_Dataset content:_
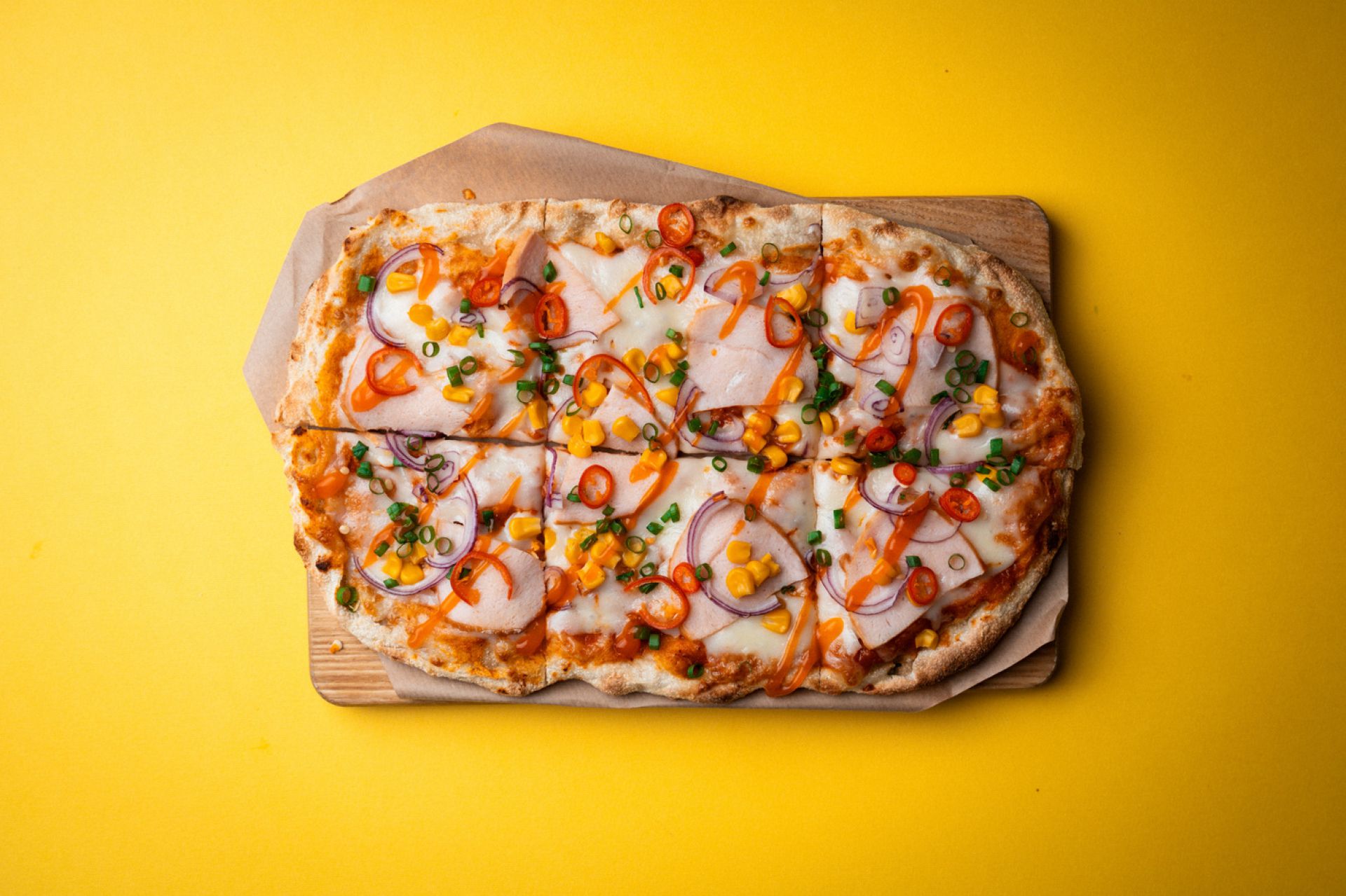 Аджика, соус кімчі, моцарела, куряче філе, кукурудза консервована, цибуля кримська, соус чилі, цибуля зелена.
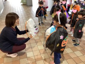 テトテひらおです✨ 10月31日(金)はハロウィンパーティーでした🎃🎃 朝から「トリック・オア・トリート~」と元気な声が聞こえていました💕 かわいい衣装を着て、駅近くをパレード!! 歩いている
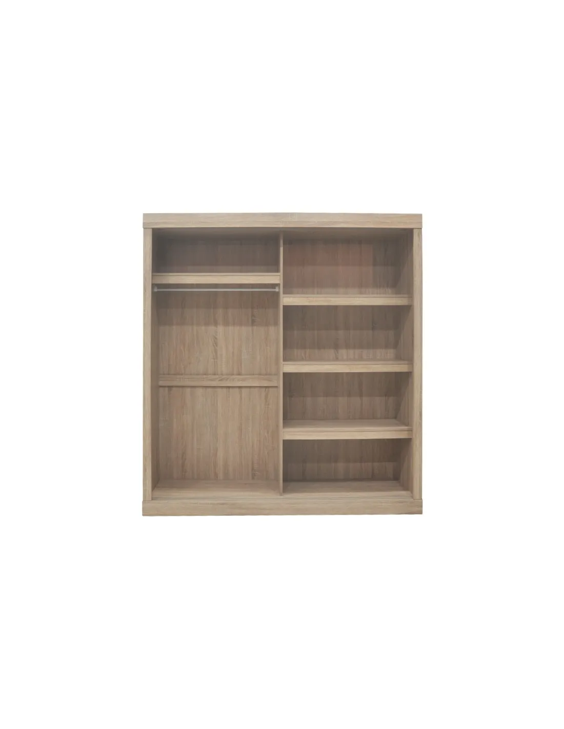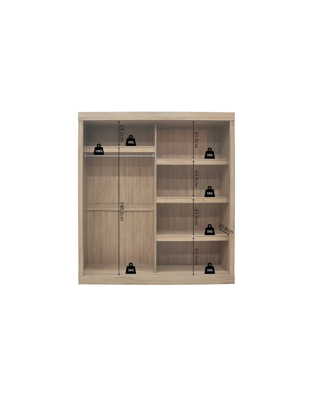 - Portes coulissantes pratiques et élégantes : Les 2 portes coulissantes offrent un accès facile et sans effort aux différents compartiments de l'armoire. Elles sont idéales pour les espaces plus réduits, car elles ne nécessitent pas d'espace pour l'ouverture.
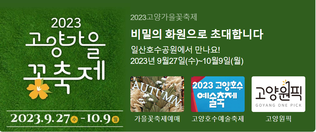 고양호수 예술 축제는 호수공원으로 유명한 일산 호수 공원 과 일산 문화 광장 일대에서 벌어지는 고양시민들에게 힐링이 되는 공간으로 고양가을 꽃축제의 프로그램 중 하나입니다. 고양 가을 꽃축제는 9월 27일부터 계속 진행중이며, 고양 호수 예술 축제는 10월 6일 금요일부터 10월 9일 월요일까지 진행됩니다. 고양 호수 예술축제는 서울거리예술축제의 자유분방함 보다는 조금 더 정돈 된 행사로 가족단위로 관람하기 정말 좋은 이벤트입니다. 일산 호수 공원의 가을날씨는 가을의 향취를 정말 제대로 향유할 수 있는 만큼 가족들과 일산 호수 공원에서 보는 고양호수 예술축제는 고양시민 뿐만 아니라 일산을 찾는 많은 분들에게 기억에 오래오래 남을 이벤트가 될 것입니다.
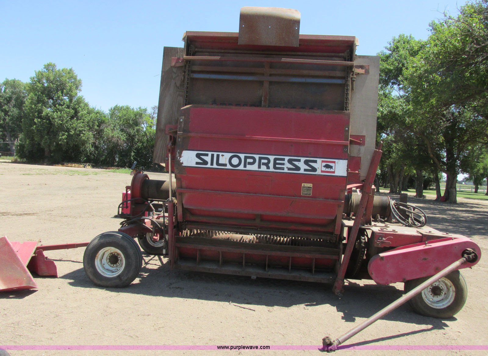Purple Wave is selling a used Forage Head or Silage Handling in Kansas. This item is a Silopress XP3 silage bagger with the following: 15'L x 8'W, Hydraulic hose and fittings, 1000 PTO, Pin hitch, 9.5L-14 tires, Serial 83556
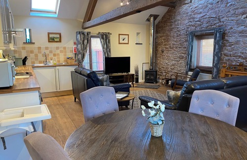 Amenities: Biomass central heating with woodburning stove. Electric oven and hob, microwave, fridge, washing machine, tumble dryer, dishwasher, TV with Sky, DVD, CD, WiFi. Fuel, power and fuel for stove inc. in rent. Bed linen and towels inc. in rent. Travel cot and highchair on request. Ample off road parking. Bike storage. Private patio with furniture and shared use of extensive lawn and outdoor play area. Sorry, no pets or smoking. Farm shop selling vegetables on site. Shop 3 miles, pub 1.5 miles.
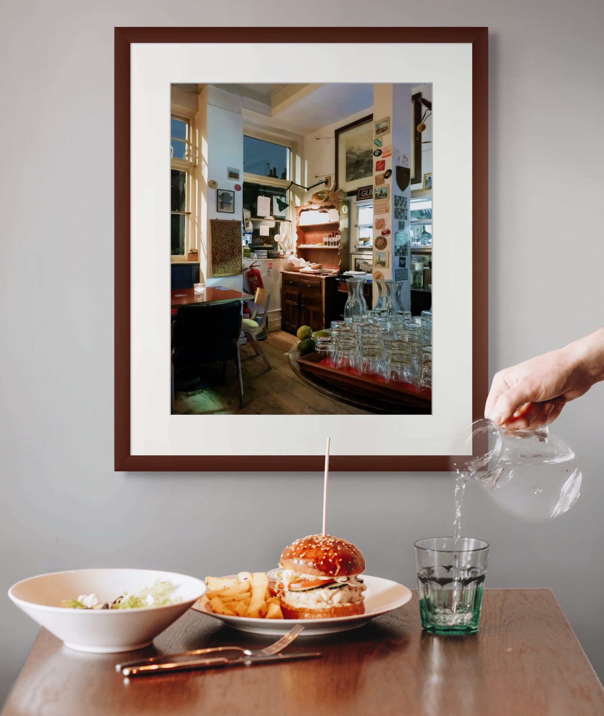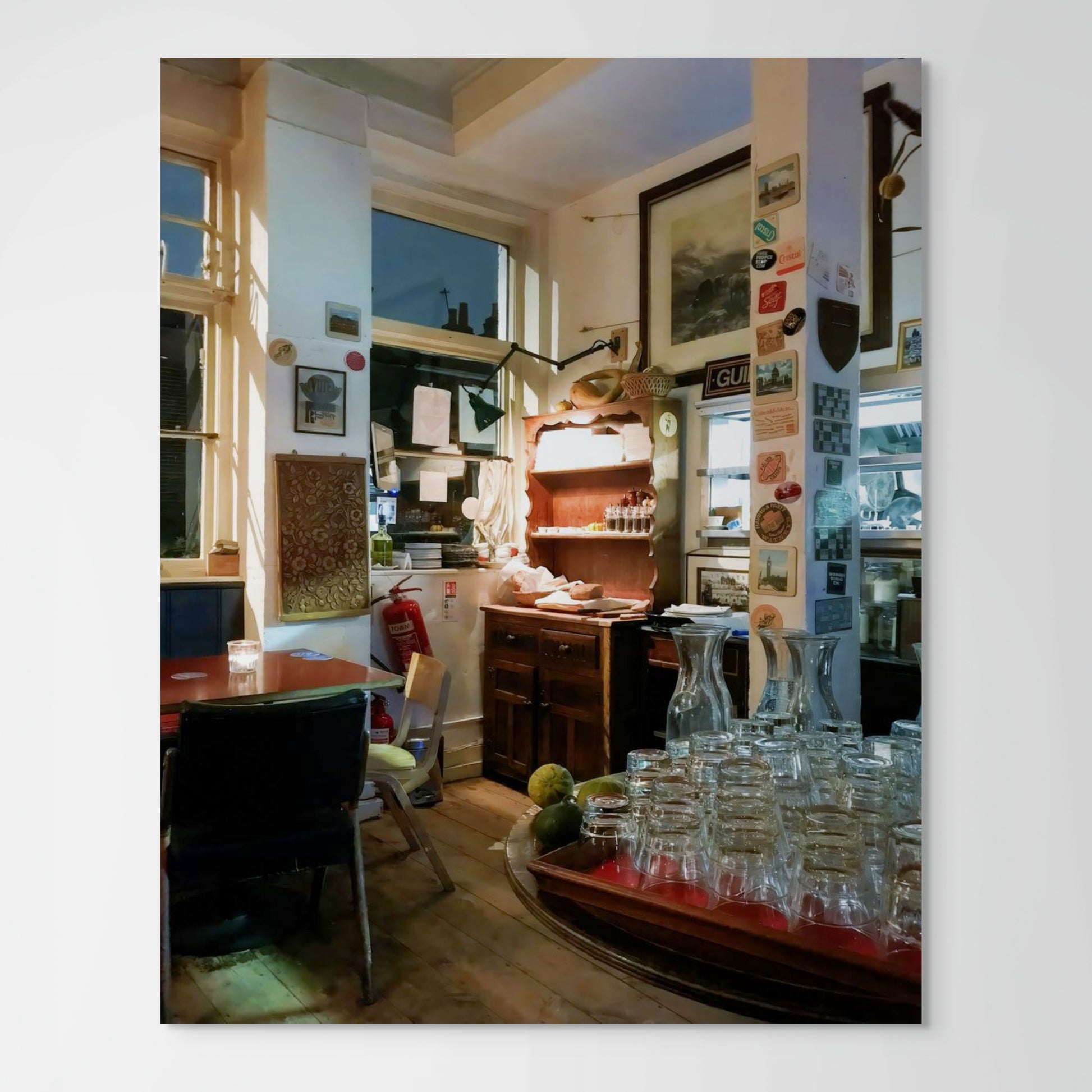 Take a peek into the warm and inviting world of a cozy pub kitchen. As the evening winds down and the pub prepares to close, capture the nostalgic feeling and charm of this beloved establishment. A must-have for any pub enthusiast, interior decorators, or anyone looking to elevate their decor, this photograph fits seamlessly into a variety of settings. Ideal for holidays, housewarmings, and any occasion where a thoughtful gift is appreciated. Hang it in your kitchen, living room, study, or gallery wall for an instant uplift.
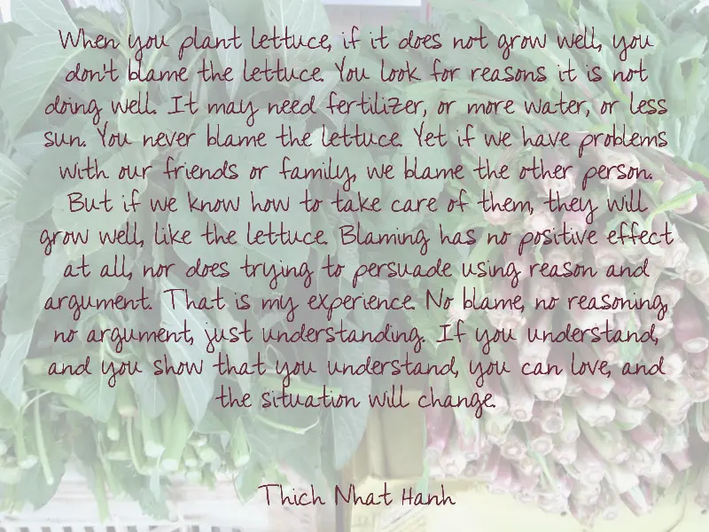 When you plant lettuce, if it does not grow well, you don’t blame the lettuce. You look for reasons it is not doing well. It may need fertilizer, or more water, or less sun. You never blame the lettuce. Yet if we have problems with our friends or family, we blame the other person. But if we know how to take care of them, they will grow well, like the lettuce. Blaming has no positive effect at all, nor does trying to persuade using reason and argument. That is my experience. No blame, no reasoning, no argument, just understanding. If you understand, and you show that you understand, you can love, and the situation will change.
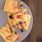Remove the pan from the oven and carefully grease with olive oil. Working quickly, pour the batter into the pan, tilting the pan if necessary to evenly cover it with batter. Arrange the olives, bell pepper strips and anchovy fillets evenly over the surface of the batter.

_Exercise:_
Retype the entries verbatim and drop the pictures.

_Output of the task:_
 Аджика, соус кімчі, моцарела, куряче філе, кукурудза консервована, цибуля кримська, соус чилі, цибуля зелена.
 テトテひらおです✨ 10月31日(金)はハロウィンパーティーでした🎃🎃 朝から「トリック・オア・トリート~」と元気な声が聞こえていました💕 かわいい衣装を着て、駅近くをパレード!! 歩いている
 - Portes coulissantes pratiques et élégantes : Les 2 portes coulissantes offrent un accès facile et sans effort aux différents compartiments de l'armoire. Elles sont idéales pour les espaces plus réduits, car elles ne nécessitent pas d'espace pour l'ouverture.
 고양호수 예술 축제는 호수공원으로 유명한 일산 호수 공원 과 일산 문화 광장 일대에서 벌어지는 고양시민들에게 힐링이 되는 공간으로 고양가을 꽃축제의 프로그램 중 하나입니다. 고양 가을 꽃축제는 9월 27일부터 계속 진행중이며, 고양 호수 예술 축제는 10월 6일 금요일부터 10월 9일 월요일까지 진행됩니다. 고양 호수 예술축제는 서울거리예술축제의 자유분방함 보다는 조금 더 정돈 된 행사로 가족단위로 관람하기 정말 좋은 이벤트입니다. 일산 호수 공원의 가을날씨는 가을의 향취를 정말 제대로 향유할 수 있는 만큼 가족들과 일산 호수 공원에서 보는 고양호수 예술축제는 고양시민 뿐만 아니라 일산을 찾는 많은 분들에게 기억에 오래오래 남을 이벤트가 될 것입니다.
Purple Wave is selling a used Forage Head or Silage Handling in Kansas. This item is a Silopress XP3 silage bagger with the following: 15'L x 8'W, Hydraulic hose and fittings, 1000 PTO, Pin hitch, 9.5L-14 tires, Serial 83556
 Amenities: Biomass central heating with woodburning stove. Electric oven and hob, microwave, fridge, washing machine, tumble dryer, dishwasher, TV with Sky, DVD, CD, WiFi. Fuel, power and fuel for stove inc. in rent. Bed linen and towels inc. in rent. Travel cot and highchair on request. Ample off road parking. Bike storage. Private patio with furniture and shared use of extensive lawn and outdoor play area. Sorry, no pets or smoking. Farm shop selling vegetables on site. Shop 3 miles, pub 1.5 miles.
 Take a peek into the warm and inviting world of a cozy pub kitchen. As the evening winds down and the pub prepares to close, capture the nostalgic feeling and charm of this beloved establishment. A must-have for any pub enthusiast, interior decorators, or anyone looking to elevate their decor, this photograph fits seamlessly into a variety of settings. Ideal for holidays, housewarmings, and any occasion where a thoughtful gift is appreciated. Hang it in your kitchen, living room, study, or gallery wall for an instant uplift.
 When you plant lettuce, if it does not grow well, you don’t blame the lettuce. You look for reasons it is not doing well. It may need fertilizer, or more water, or less sun. You never blame the lettuce. Yet if we have problems with our friends or family, we blame the other person. But if we know how to take care of them, they will grow well, like the lettuce. Blaming has no positive effect at all, nor does trying to persuade using reason and argument. That is my experience. No blame, no reasoning, no argument, just understanding. If you understand, and you show that you understand, you can love, and the situation will change.
Remove the pan from the oven and carefully grease with olive oil. Working quickly, pour the batter into the pan, tilting the pan if necessary to evenly cover it with batter. Arrange the olives, bell pepper strips and anchovy fillets evenly over the surface of the batter.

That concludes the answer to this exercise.